--- Task instructions ---
Give back exactly the lines from the "但这样的颜值扮相依然不足以让" line to the final line of the records, and only those, minus any pictures.

--- Listed records ---
- Opening Delimiter -

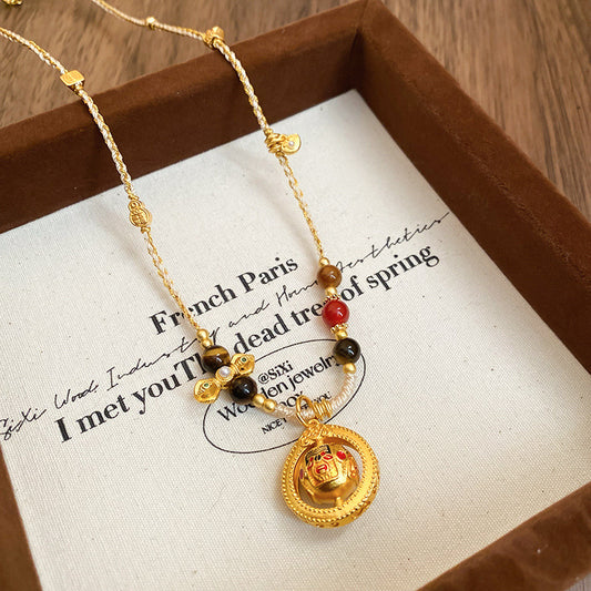 A2廠 韓國韓版沙金圓形虎眼石珍珠項鍊「HN8116」25.01.W1 批發折扣@洽客服
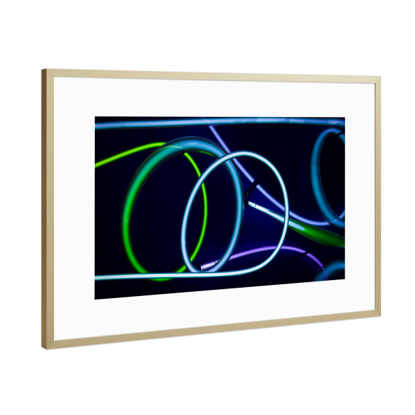 Poster mit Rahmen Gold "Blue Spin" artboxONE - Abstrakt - Kabel,Leuchten,Licht,Lichtschlauch,Spirale
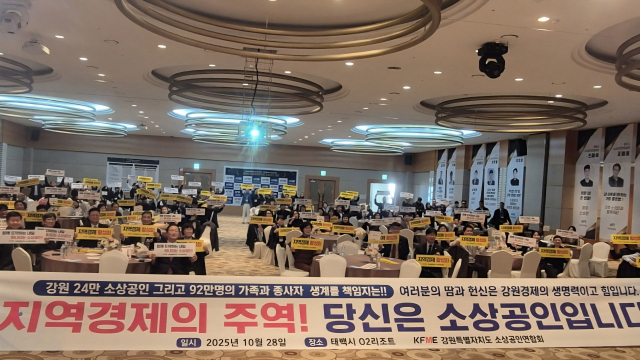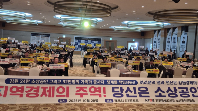 이극상 강원도소상공인연합회장은 “24만명의 강원소상공인을 비롯해 가족 및 종사자는 92만명 이상이다. 이들은 강원특별자치도 인구의 60%의 생계를 책임지고 있다”며 “우리 소상공인의 땀과 헌신이 있기에 강원 미래는 행복이며 희망이다. 위기를 함께 돌파해나가자”고 다짐했다.
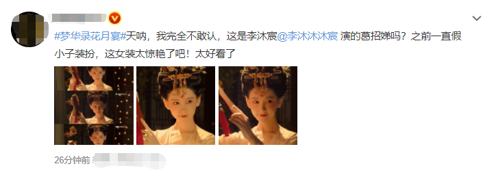 但这样的颜值扮相依然不足以让人感到惊艳,直到永安楼开业,在花月宴上葛招娣同样以花魁扮相出场,穿上唐装又画了精致的妆容,完全让人认不出,只能说有种整容叫《梦华录》“葛招娣”,不仅美的不可方物,换上女装更是撞脸李沁。
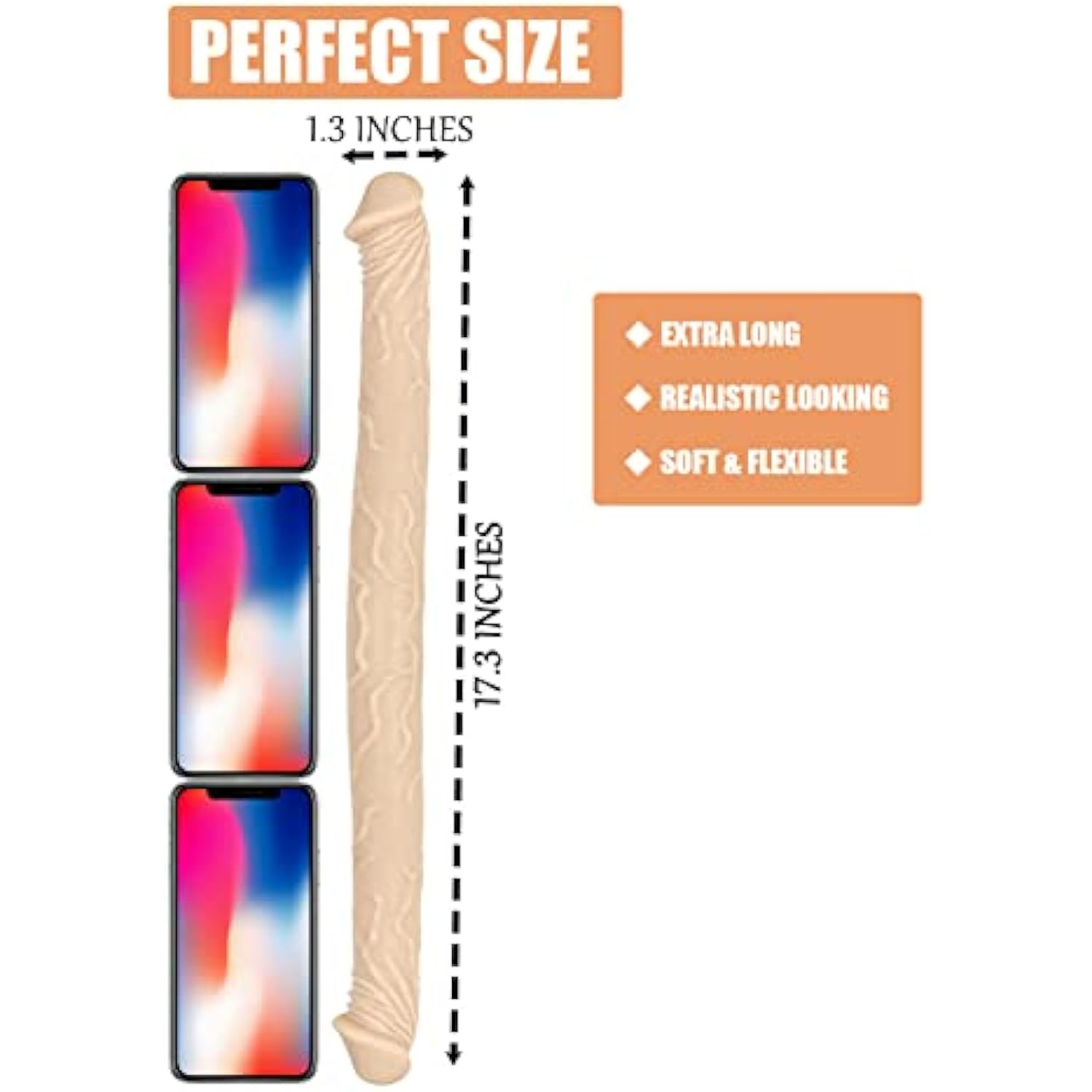 Double Ended Dildo, 17 in Super Long Double Dong, Flexible Realistic Double-Sided Dildo Penis, Sex Toys for Couple Men Women Lesbian Gay Play/Skin Tones

- Closing Delimiter -

--- Answer for this exercise ---
 但这样的颜值扮相依然不足以让人感到惊艳,直到永安楼开业,在花月宴上葛招娣同样以花魁扮相出场,穿上唐装又画了精致的妆容,完全让人认不出,只能说有种整容叫《梦华录》“葛招娣”,不仅美的不可方物,换上女装更是撞脸李沁。
 Double Ended Dildo, 17 in Super Long Double Dong, Flexible Realistic Double-Sided Dildo Penis, Sex Toys for Couple Men Women Lesbian Gay Play/Skin Tones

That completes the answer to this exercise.